**Task instructions**
In this exercise, the entries below include pictures. Repeat exactly the lines from the line with "Перед вами уникальной" to the line with "在对比过程中,需要用到 chrome-devtools 的", including both, but without the pictures.

**Supplied data**
|---|
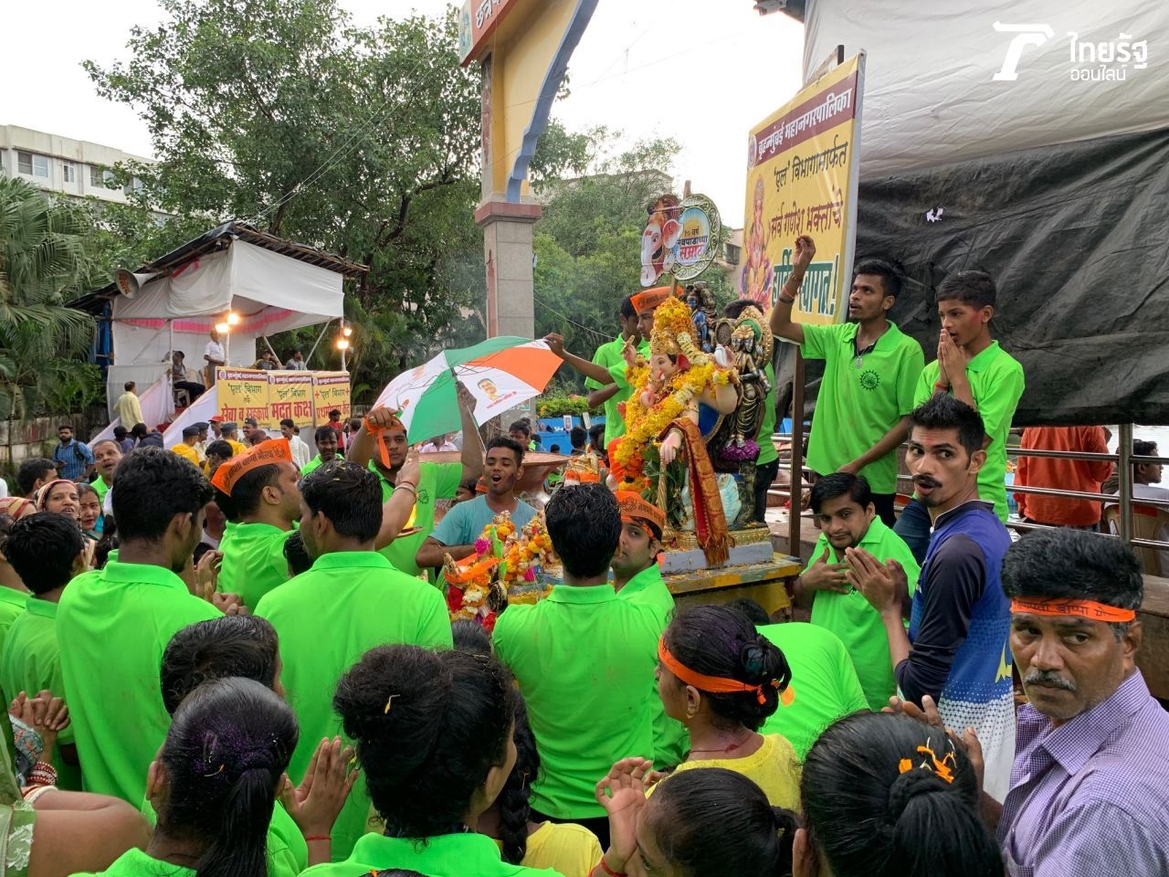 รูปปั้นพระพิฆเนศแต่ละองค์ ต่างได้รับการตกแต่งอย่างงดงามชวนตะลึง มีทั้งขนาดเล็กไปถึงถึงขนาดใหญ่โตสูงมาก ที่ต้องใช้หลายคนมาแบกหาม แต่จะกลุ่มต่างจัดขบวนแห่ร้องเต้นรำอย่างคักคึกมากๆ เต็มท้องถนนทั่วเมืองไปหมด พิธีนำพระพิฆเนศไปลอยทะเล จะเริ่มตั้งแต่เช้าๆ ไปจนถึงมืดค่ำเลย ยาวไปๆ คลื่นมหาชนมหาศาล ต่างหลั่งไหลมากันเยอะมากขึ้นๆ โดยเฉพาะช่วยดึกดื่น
|---|
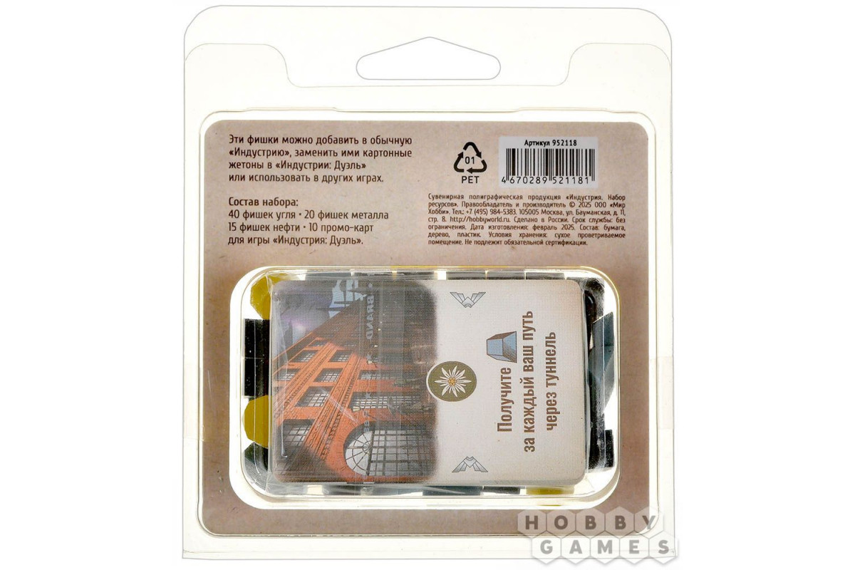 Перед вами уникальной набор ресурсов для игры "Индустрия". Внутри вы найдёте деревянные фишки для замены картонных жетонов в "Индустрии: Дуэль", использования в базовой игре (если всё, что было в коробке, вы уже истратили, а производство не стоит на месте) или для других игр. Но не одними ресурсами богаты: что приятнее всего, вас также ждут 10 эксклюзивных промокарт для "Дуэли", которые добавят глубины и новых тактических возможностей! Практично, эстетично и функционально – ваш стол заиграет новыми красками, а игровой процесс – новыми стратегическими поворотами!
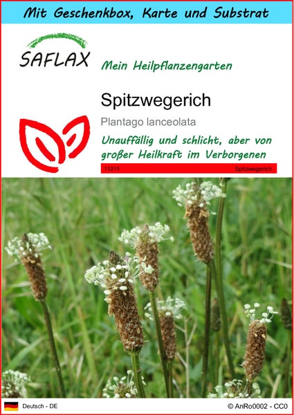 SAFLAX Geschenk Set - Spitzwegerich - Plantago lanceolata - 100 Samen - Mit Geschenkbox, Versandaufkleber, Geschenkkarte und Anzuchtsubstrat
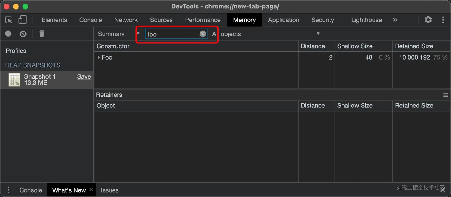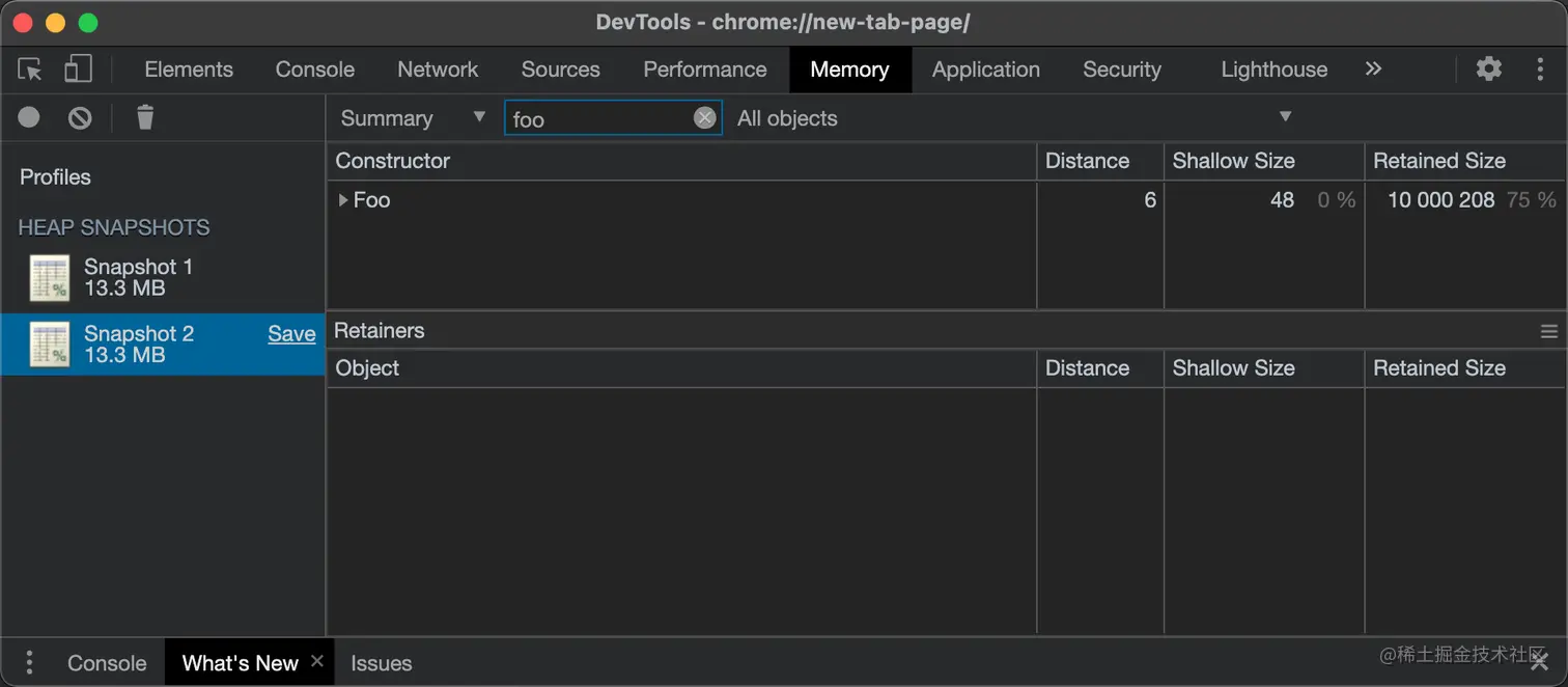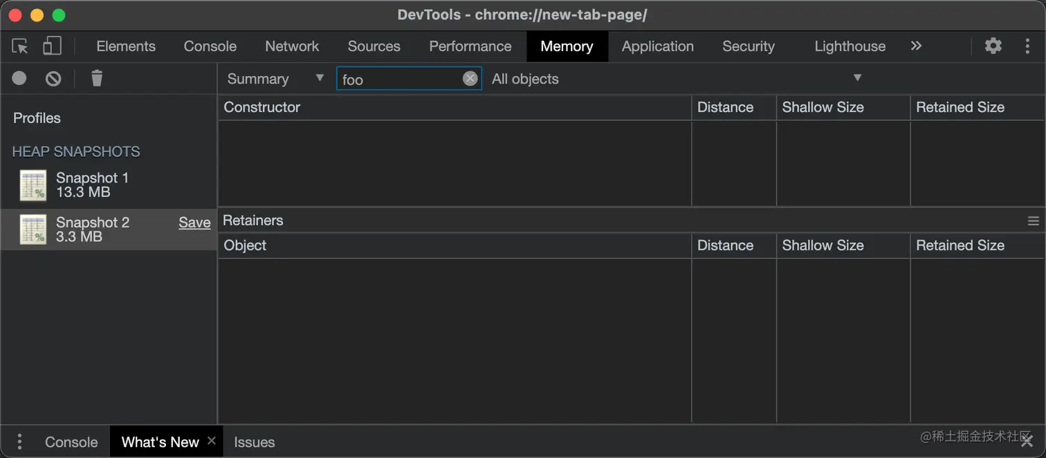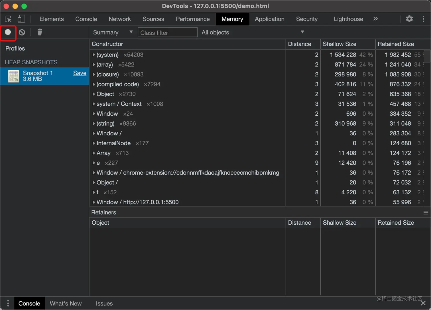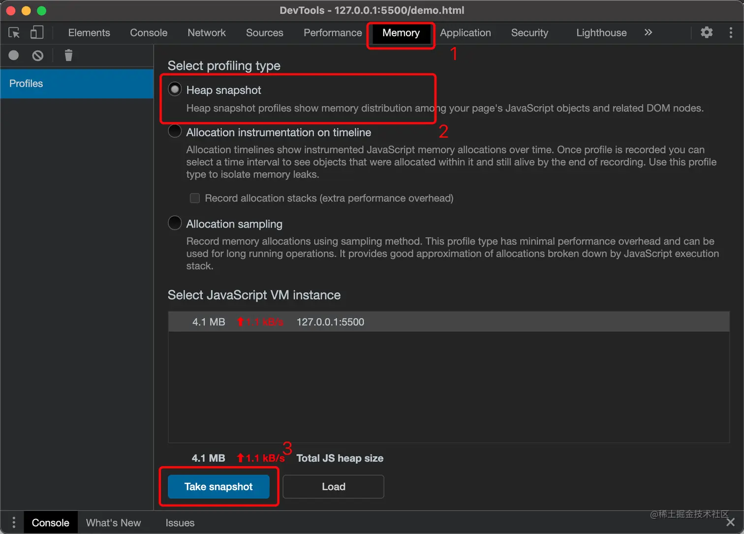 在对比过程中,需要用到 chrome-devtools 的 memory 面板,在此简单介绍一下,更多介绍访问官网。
|---|
**Reply to the exercise**
 Перед вами уникальной набор ресурсов для игры "Индустрия". Внутри вы найдёте деревянные фишки для замены картонных жетонов в "Индустрии: Дуэль", использования в базовой игре (если всё, что было в коробке, вы уже истратили, а производство не стоит на месте) или для других игр. Но не одними ресурсами богаты: что приятнее всего, вас также ждут 10 эксклюзивных промокарт для "Дуэли", которые добавят глубины и новых тактических возможностей! Практично, эстетично и функционально – ваш стол заиграет новыми красками, а игровой процесс – новыми стратегическими поворотами!
 SAFLAX Geschenk Set - Spitzwegerich - Plantago lanceolata - 100 Samen - Mit Geschenkbox, Versandaufkleber, Geschenkkarte und Anzuchtsubstrat
 在对比过程中,需要用到 chrome-devtools 的 memory 面板,在此简单介绍一下,更多介绍访问官网。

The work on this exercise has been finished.